Novice Atlas Search users and application developers.

How to run the app

The app uses the NextJS framework which is based on React and NodeJS. MongoDB Leafygreen-ui components have also been used, as well as NextJS API routes.

Via NodeJS

You can run the app in development mode:

$ cd ./tunafish
$ npm run dev

Or build it for deployment:

$ cd ./tunafish
$ npm build
$ npm start

The app will run on http://localhost:3000

Via docker

You can run a pre-created image:

$ docker run -t -i -d -p 5050:3000 --name tunafish --restart unless-stopped johnunderwood197/tunafish:latest

Or you can build locally in docker

$ ./build.sh

The app will run on http://localhost:5050

How to use the app

You will need a valid connection string and network access to an Atlas Cluster to connect.

Once connected you can select an existing search index for your collection or create a new one.

Index Builder

When the user opts to create a new index the app uses the mongodb-schema package (as used by Compass) to retrieve 1000 samples and generate a schema analysis.With the schema analysis the application is able to make suggestions for how to index different fields for search. The user is guided through a 'placeholder' search application which provides visual cues to help them construct the search experience for their app.

The tutorial covers three sections: facets, autocomplete (search bar), and search fields (results). When the user clicks on a section they are presented with some helpful information, links to documention, and a dropdown of suggestd fields that they can select to create a new search index defintion.

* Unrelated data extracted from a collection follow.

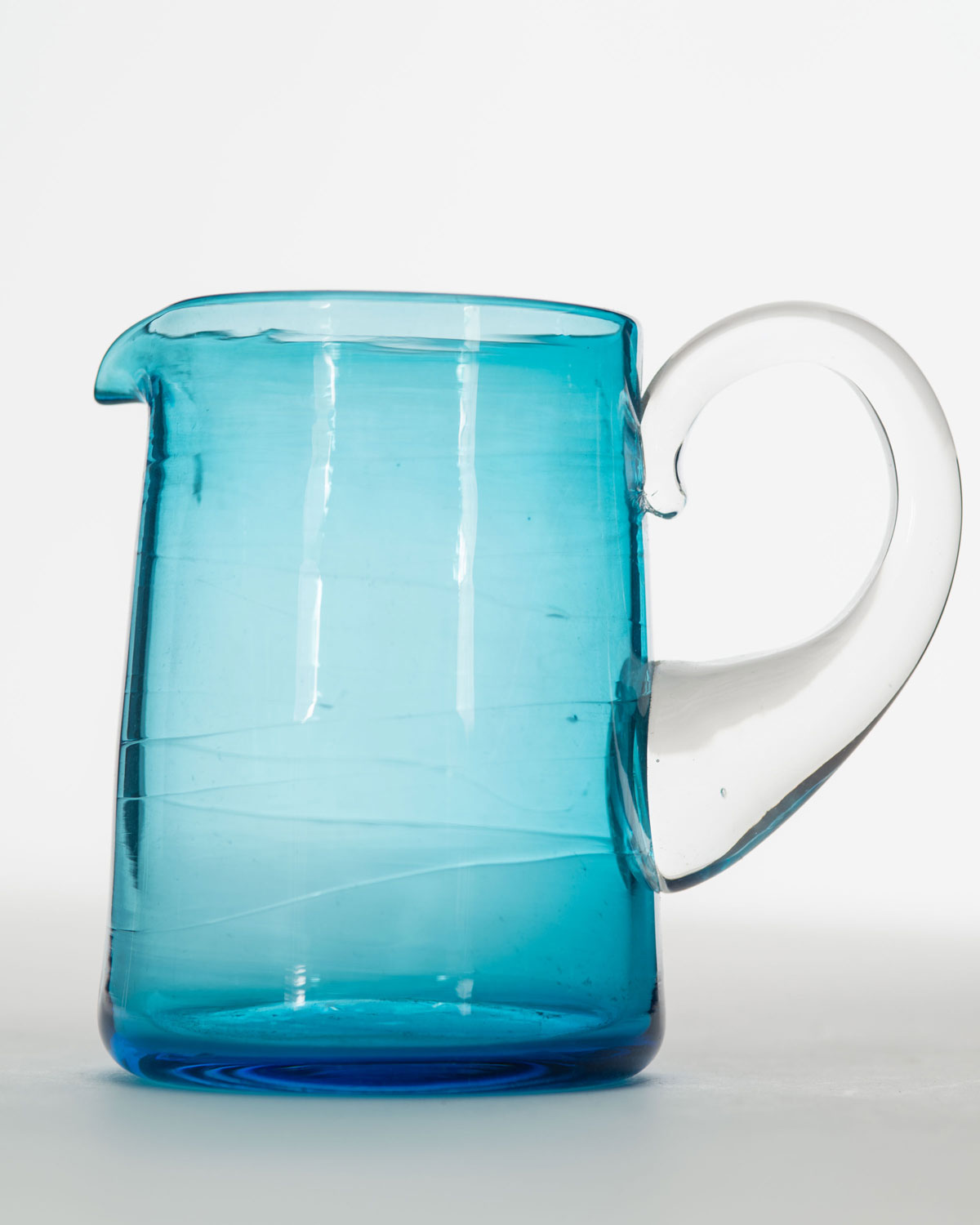Small tapered turquoise tinted blown glass pitcher with a clear glass handle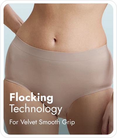 Soft Touch Microfiber Elastane Stretch Fabric | Fabric Composition : Polyamide and Elastane | Full Coverage | No Ride Up Back | No Visible Panty Line | Flocking Technology for Velvet Smooth Grip on Waist and Leg | Label Free for All Day Comfort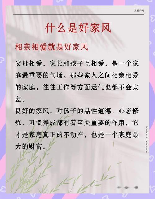 家风好的家庭,似温暖港湾,长辈慈爱、晚辈孝顺,互敬互爱氛围浓;成员间诚信友善、正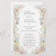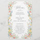 Mit diesem minimalistischen Blumenprogramm, das eine weiche Aquarellgrenze aus handbemalten Blüten aufweist, verleihen Sie Ihrer Hochzeit zeitlosen Charme und romantische Eleganz. Das zarte Blumengesteck umfasst Pastellpinke, Schmettergelbe, weiche Lavendel, Baby-Blues und Salbei-Grüntöne, die in der Mitte einen anmutigen Rahmen für Ihren individuellen Text bilden. Dieses Design ist perfekt für Frühjahr- oder Gartenhochzeiten geeignet und verbindet Vintage botanische Schönheit mit einer modernen minimalistischen Gestaltung. Vollständig editierbar mit Zazzles Designtools - passen Sie Schriftart, Formulierungen und Layouts an, um sie einzigartig zu gestalten. Für die Anpassung oder weitere Produkte mit diesem Design, bitte kontaktieren Sie mich.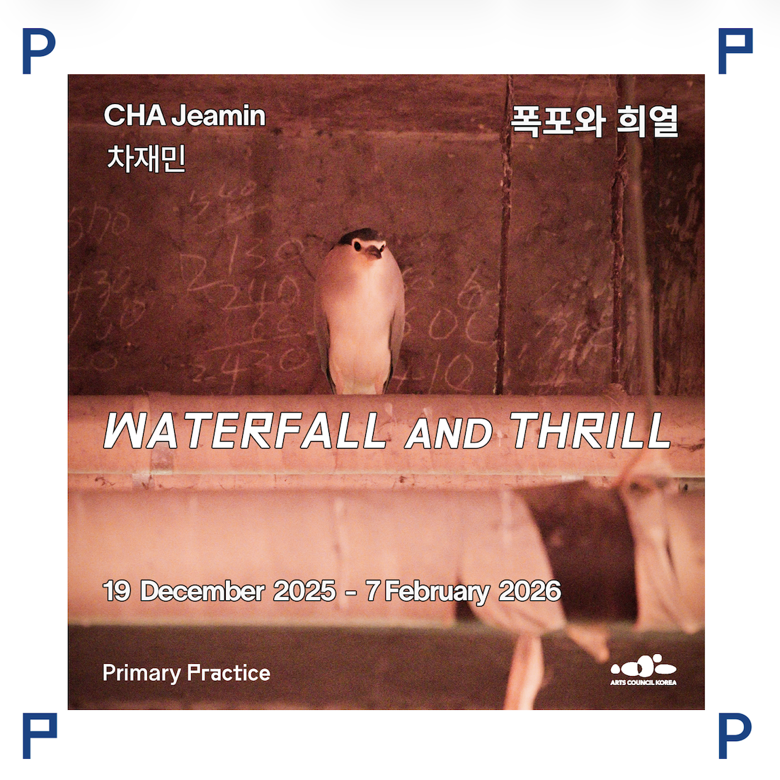 차재민 개인전 《폭포와 희열》은 도심의 인공 폭포와 홍제천 주변의 굴다리, 강변을 하나의 서식지로 삼아 그곳을 오가는 존재들의 정서를 다시 호출한다. ‘폭포’가 같은 자리에서 반복되는 운동의 고통이라면, ‘희열’은 그것을 바라보는 우리에게 스치는 고양된 감각으로서, 두 감정이 교차하는 어긋남에서 전시는 출발한다. 작가는 영상과 드로잉, 콜라주를 통해 머무름과 견딤, 회복의 리듬이 일상 속에서 어떻게 생겨나는지 묻고, 무엇이 중심이 되는가를 끊임없이 흔든다. 그 겹침은 도심의 주변부를 정서의 중심으로 옮겨 놓으며 우리가 지나치던 감각을 다시 깨운다.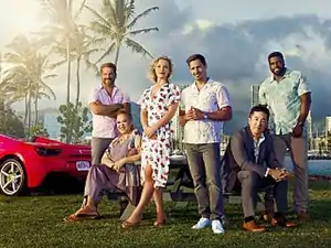 Rick Wright (Zachary Knighton), Kumu Tuileta (Amy Hill), Juliet Higgins (Perdita Weeks), Thomas Magnum (Jay Hernandez), Gordon Katsumoto (Tim Kang), and T.C. Calvin (Stephen Hill).

Once the index defintion has been built up the user can click 'deploy'. This creates the new index definition. The App waits for the new index to be built and when it completes will retrieve some data to show what the user has configured. This is the same view that is shown when the user selects an already existing index.

Query Tuner

When an existing index is selected (or after a new index is built) the Query Tuner allows the user to create search queries by picking fields to search across and giving them different 'weights'. This shows the developer how to create a search query and how to apply simple boosting rules. The tuner parses the index defintion to find out which fields can be suggested for 'string' and for 'autocomplete' queries.

The user can also select what facets to display and use them for filtering. Only string facets are currently supported.

The user can now copy the generated queries that are displayed in the UI and use it in their application or for further development in a tool such as Compass.